**Task to complete:**
Leave every picture out and give back the lines below from the first through the line that holds "Для нужд бюджетных", exactly as written.

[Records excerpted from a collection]
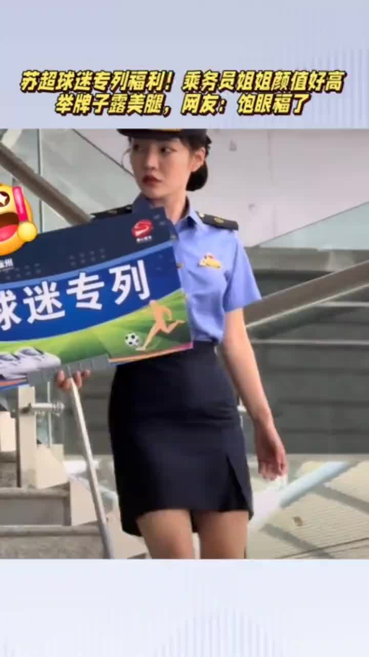 苏超球迷专列福利!乘务员小姐姐颜值是真的高
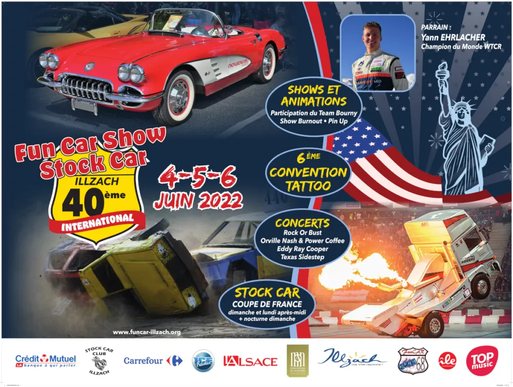 Après deux années d'attente (pas d'événements en 2020 ni en 2021), la 40ème édition débutera ce samedi 4 juin, pour les amoureux de voitures. Vous y découvrirez des voitures "exposées", plus 1 500 véhicules et motos sur les trois jours, et des voitures "en compétition" sur le Stock Car (Coupe de France dimanche et lundi après-midi, et en plus nocturne dimanche soir). Les voitures américaines sont à l’honneur, mais il y a aussi des voitures d’époque transformées. Et puisque cela fait souvent partie de la culture "fun car", 30 tatoueurs participeront à la 6ème Convention tatoo. Autres animations à ne pas manquer : les concerts en plein air !
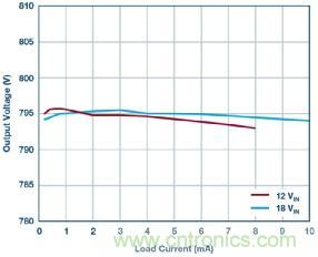 圖 4 顯示一款完整的 4 V~18 V 輸入至 800 V 輸出解決方案,其能夠提供高達 10 mA 的輸出電流。當(dāng)輸入為 18 V 和負載電流為 10 mA 時,該反激式轉(zhuǎn)換器可實現(xiàn) 88.2% 的峰值效率。圖 5 顯示各種不同輸入電壓下的效率曲線;圖 6 顯示了卓越的負載調(diào)節(jié)性能。另外,該解決方案采用的組件較少。
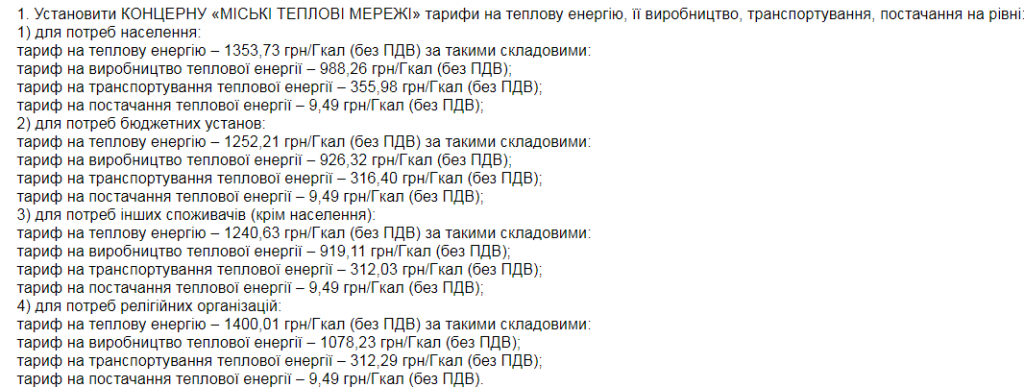 Для нужд бюджетных организаций тариф составит 1252,21 грн/Гкал без НДС , для религиозных организаций — 1400,01 грн/Гкал без НДС , для нужд иных потребителей (кроме населения) — 1240,63 грн/Гкал без НДС.
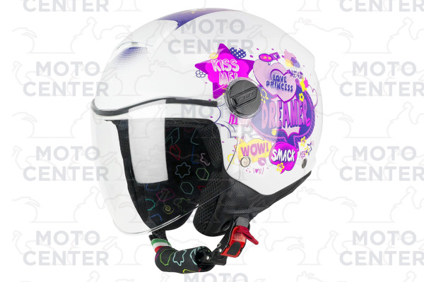 Chi ha detto che un casco YOUNG non può essere divertente oltre che sicuro? Realizzato con una calotta appositamente creata che dispone di 5 taglie a copertura delle differenti fasce di età dai bambini ai ragazzi, il 261 è un demijet leggero dalla calzata avvolgente. Caratterizzato da interni colorati estraibili e lavabili abbinanti al collarino paranuca con guanciali removibile con zip. Il casco è dotato di sistema di aerazione AIR STREAM SYSTEM completo e di una visiera lunga che offre una maggiore protezione dal vento. Completano le dotazioni la fibbia micrometrica, l'anello antifurto e l'elastico fermacinturino. Incluso nella confezione un foglio di adesivi, realizzato con una colla specifica adatta ad essere applicata sulla calotta del casco, che permette la personalizzazione del casco con emoticon e lettere dell'alfabeto.

**Task solution:**
 苏超球迷专列福利!乘务员小姐姐颜值是真的高
 Après deux années d'attente (pas d'événements en 2020 ni en 2021), la 40ème édition débutera ce samedi 4 juin, pour les amoureux de voitures. Vous y découvrirez des voitures "exposées", plus 1 500 véhicules et motos sur les trois jours, et des voitures "en compétition" sur le Stock Car (Coupe de France dimanche et lundi après-midi, et en plus nocturne dimanche soir). Les voitures américaines sont à l’honneur, mais il y a aussi des voitures d’époque transformées. Et puisque cela fait souvent partie de la culture "fun car", 30 tatoueurs participeront à la 6ème Convention tatoo. Autres animations à ne pas manquer : les concerts en plein air !
 圖 4 顯示一款完整的 4 V~18 V 輸入至 800 V 輸出解決方案,其能夠提供高達 10 mA 的輸出電流。當(dāng)輸入為 18 V 和負載電流為 10 mA 時,該反激式轉(zhuǎn)換器可實現(xiàn) 88.2% 的峰值效率。圖 5 顯示各種不同輸入電壓下的效率曲線;圖 6 顯示了卓越的負載調(diào)節(jié)性能。另外,該解決方案采用的組件較少。
 Для нужд бюджетных организаций тариф составит 1252,21 грн/Гкал без НДС , для религиозных организаций — 1400,01 грн/Гкал без НДС , для нужд иных потребителей (кроме населения) — 1240,63 грн/Гкал без НДС.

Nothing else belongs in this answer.